Assigned task:
Here, set down only the lines between the line that contains "极全网】仓库大数据大屏-数据可视化源码目录1个子文件夹4个文件4个" and the final line of the material, both included, exactly as written. Skip the pictures.

Extracted entries:
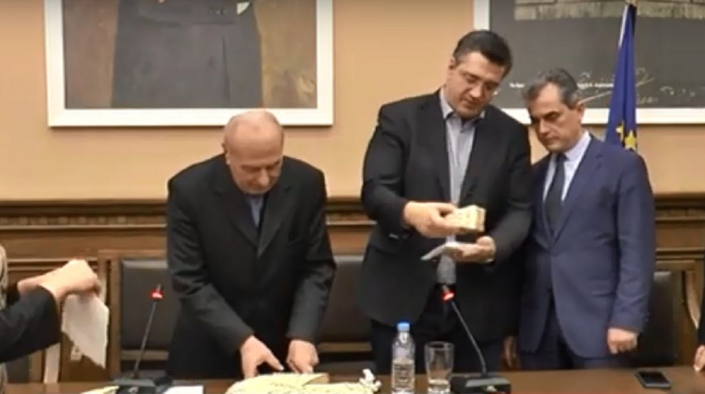 Τη καθιερωμένη βασιλόπιτα έκοψαν ο Περιφερειάρχης Κεντρικής Μακεδονίας Απόστολος Τζιτζικώστας και ο Αντιπεριφερειάρχης Σερρών Γιάννης Μωυσιάδης στην Π.Ε. Σερρών, το μεσημέρι της Παρασκευής.
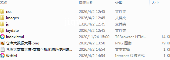 极全网】仓库大数据大屏-数据可视化源码目录1个子文件夹4个文件4个
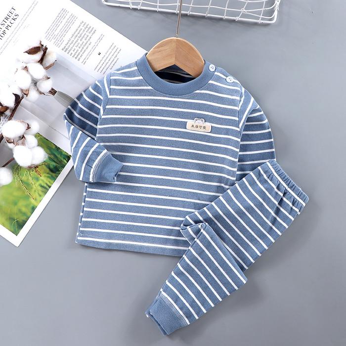 MIBABY Setelan Tidur Lengan Panjang/Baju Tidur Anak Setelan Piyama Set Lengan Panjang Kancing - BIRU TUA 100 (2-3 tahun)
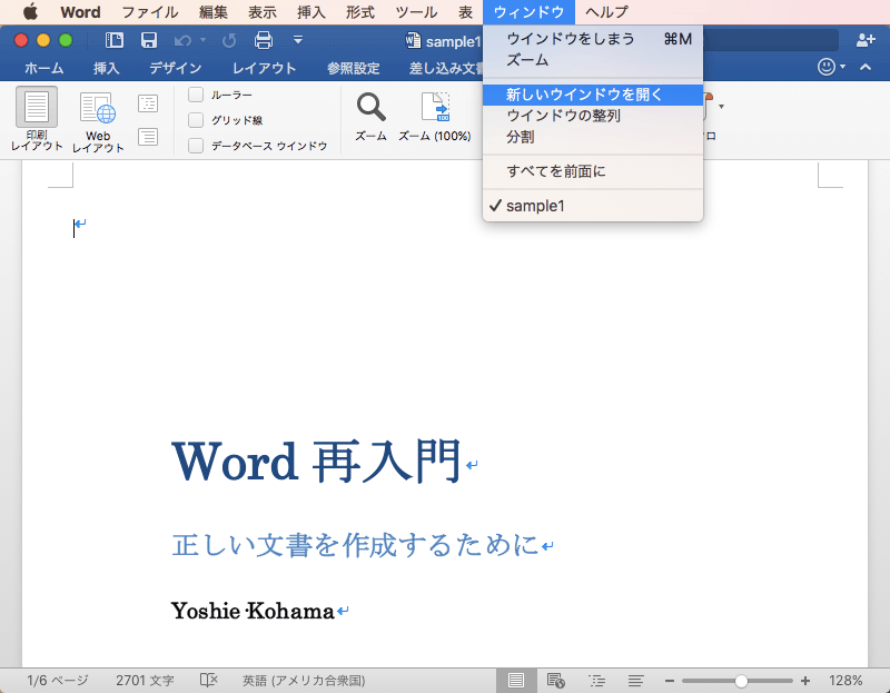 - [ウィンドウ]メニューをクリックし、[新しいウィンドウを開く]を選択します。
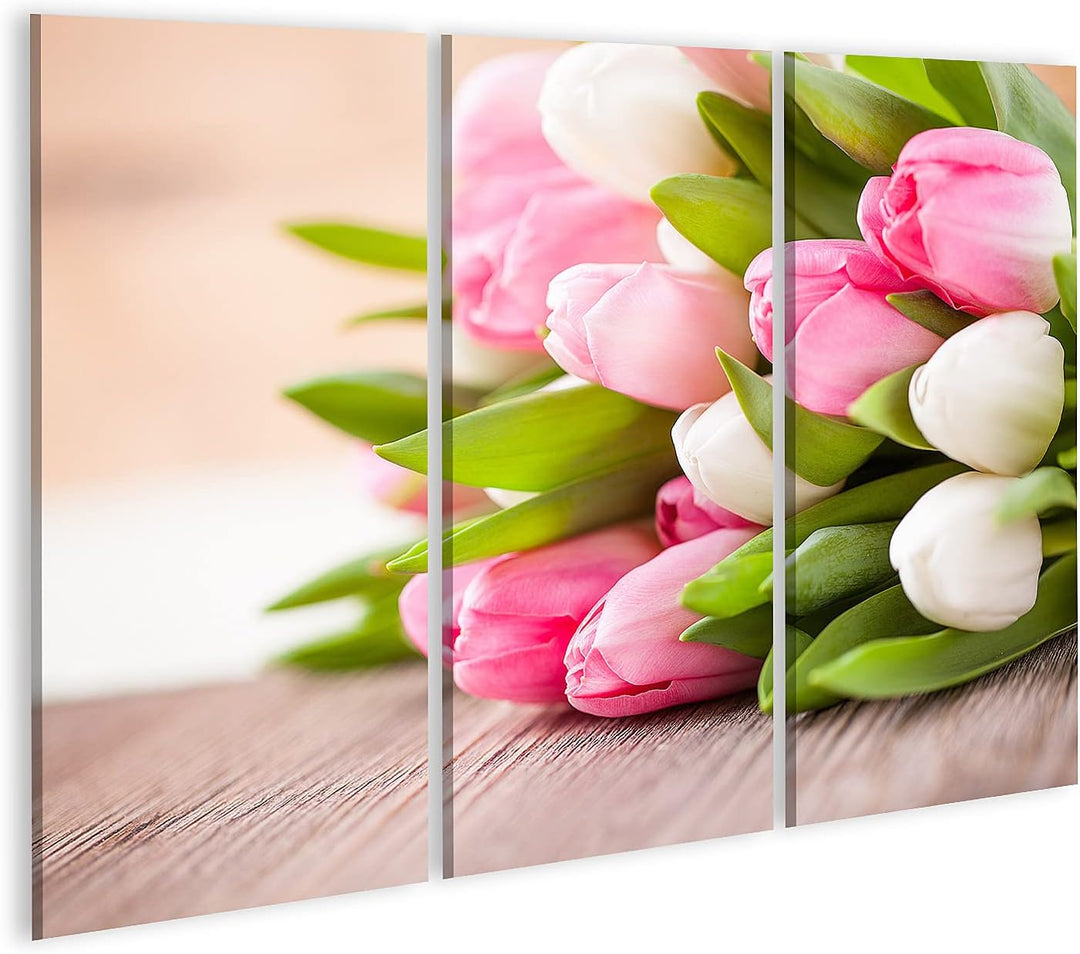 Bild auf Leinwand Strauss Tulpen Vor Frühlingsszene Wandbild Poster Kunstdruck Bilder Format: 130x80
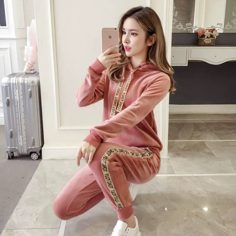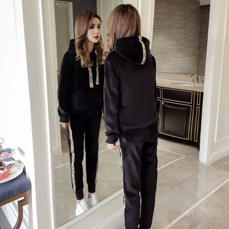 金丝绒套装女秋冬新款双面绒加绒加厚卫衣卫裤休闲时尚运动两件套

Exercise output:
 极全网】仓库大数据大屏-数据可视化源码目录1个子文件夹4个文件4个
 MIBABY Setelan Tidur Lengan Panjang/Baju Tidur Anak Setelan Piyama Set Lengan Panjang Kancing - BIRU TUA 100 (2-3 tahun)
 - [ウィンドウ]メニューをクリックし、[新しいウィンドウを開く]を選択します。
 Bild auf Leinwand Strauss Tulpen Vor Frühlingsszene Wandbild Poster Kunstdruck Bilder Format: 130x80
 金丝绒套装女秋冬新款双面绒加绒加厚卫衣卫裤休闲时尚运动两件套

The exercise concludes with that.